Options for READ API

READ without FASTEXPORT
Option Default Values to specify
spark.jdbc.username spark.user Username
spark.jdbc.p.file hdfs:///user/$USER/password/teradata/pass.dat An HDFS file path containing password
charset ASCII ASCII,UTF8
READ with FASTEXPORT
Option Default Values to specify
spark.jdbc.username spark.user Username
spark.jdbc.p.file hdfs:///user/$USER/password/teradata/pass.dat An HDFS file path containing password
gimel.jdbc.read.type - FASTEXPORT
charset ASCII ASCII,UTF8
SESSIONS 5 Required number of sessions
partitions 4 Required number of partitions
partitionColumn 10 The column on which the data to be partitioned
columnLowerBound 0 Lower bound of the values in partition column, if known
columnUpperBound 20 Upper bound of the values in partition column, if known

Common Imports

import com.paypal.gimel._
import org.apache.spark._
import org.apache.spark.sql._

Read via JDBCDataSet

//Initiate DataSet
val dataSet: DataSet = DataSet(sparkSession)
//options "can" be used to specify extra parameters to read data from teradata
 val options = Map(("charset","ASCII"),("spark.jdbc.p.file", "hdfs:///user/$USER/password/teradata/pass.dat"))
//read API
val recsDF = dataSet.read("pcatalog.flights_lookup_carrier_code_td",options)
// Do some usecase
recsDF.show()

Read via JDBCDataSet using FASTEXPORT

val dataSet: DataSet = DataSet(sparkSession)
//options "can" be used to specify extra parameters to read data from teradata
// To read with FASTEXPORT, set "TYPE" as "FASTEXPORT" and "SESSIONS" to set the number of sessions required.
 val options = Map(("gimel.jdbc.read.type","FASTEXPORT"),("SESSIONS","8"),("charset","ASCII"),("spark.jdbc.p.file", "hdfs:///user/$USER/password/teradata/pass.dat"))
//read API
val recsDF = dataSet.read("pcatalog.flights_lookup_carrier_code_td",options)
// Do some usecase
recsDF.show()

Write API Teradata

Options for WRITE API

WRITE without FASTLOAD
Option Default Values to specify
spark.jdbc.username spark.user Username
spark.jdbc.p.file hdfs:///user/$USER/password/teradata/pass.dat An HDFS file path containing password
charset ASCII ASCII,UTF8
WRITE with FASTLOAD
Option Default Values to specify
spark.jdbc.username spark.user Username
spark.jdbc.p.file hdfs:///user/$USER/password/teradata/pass.dat An HDFS file path containing password
gimel.jdbc.write.type - FASTLOAD
charset ASCII ASCII,UTF8
SESSIONS 5 Required number of sessions

Common Imports in JDBC WRITE API usages below

import com.paypal.gimel._
import org.apache.spark._
import org.apache.spark.sql._

Write into Teradata via JDBCDataSet with BatchMode

// Prepare Test Data
def stringed(n: Int) = s"""{"code": "${n}", "description": "MAC-${n}"}"""
val texts: Seq[String] = (1 to 100).map { x => stringed(x) }.toSeq
val rdd: RDD[String] = sparkSession.sparkContext.parallelize(texts)
val df: DataFrame = sparkSession.read.json(rdd)
//Initiate DataSet
val dataset = com.paypal.gimel.DataSet(sparkSession)
//DataSet Name
val datasetName = "pcatalog.user_test"
///options "can" be used to specify writing mode, deafult TYPE is batchmode.

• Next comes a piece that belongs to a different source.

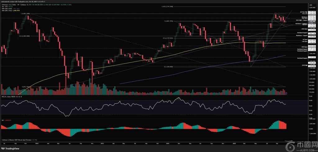 为了确认冲动性上涨,他标记了趋势线突破、以最高价 (ATH) 为基准的成交量加权平均价格 (VWAP) 转为支撑位以及相对强弱指标 (RSI) 状态转变:“如果我们突破趋势线,价格将最高价 (ATH) 成交量加权平均价格 (VWAP) 转为支撑位,且每日相对强弱指标 (RSI) 超过 50,我预计价格将迅速上涨至 4,950 美元,然后在 11 月发现价格。”每日价格失效反映了每周价格的逻辑:如果 4,093 美元成为阻力位,市场跌破 3,700 美元,然后收于其下方,那么在他看来,“我们绝对会重新测试年度开盘价”。

Set "BATCHSIZE" as required.
val options2 = Map(("charset","ASCII"), ("BATCHSIZE","100000"),("SESSIONS","8"),("spark.jdbc.p.file", "hdfs:///user/$$USER/password/teradata/pass.dat"))
//write some data
dataset.write(datasetName,df,options)

Write into Teradata via JDBCDataSet with FASTLOAD

// Prepare Test Data
def stringed(n: Int) = s"""{"code": "${n}", "description": "MAC-${n}"}"""
val texts: Seq[String] = (1 to 100).map { x => stringed(x) }.toSeq
val rdd: RDD[String] = sparkSession.sparkContext.parallelize(texts)
val df: DataFrame = sparkSession.read.json(rdd)
//Initiate DataSet
val dataset = com.paypal.gimel.DataSet(sparkSession)
//DataSet Name
val datasetName = "pcatalog.user_test"
///options "can" be used to specify writing mode, set "TYPE" as "FASTLOAD" and "SESSIONS" to set the number of sessions required.
val options2 = Map(("teradata.write.type", "FASTLOAD"),("charset","ASCII"),("SESSIONS","8"),("spark.jdbc.p.file", "hdfs:///user/$USER/password/teradata/pass.dat"))
//write some data
dataset.write(datasetName,df,options)

Teradata Update API

Teradata Update API works using write API. All JDBC options for the write are supported in update API as well. Teradata update API adds one more option to update the table: jdbc.insertStrategy Requirement: Teradata table to be updated should have primary keys.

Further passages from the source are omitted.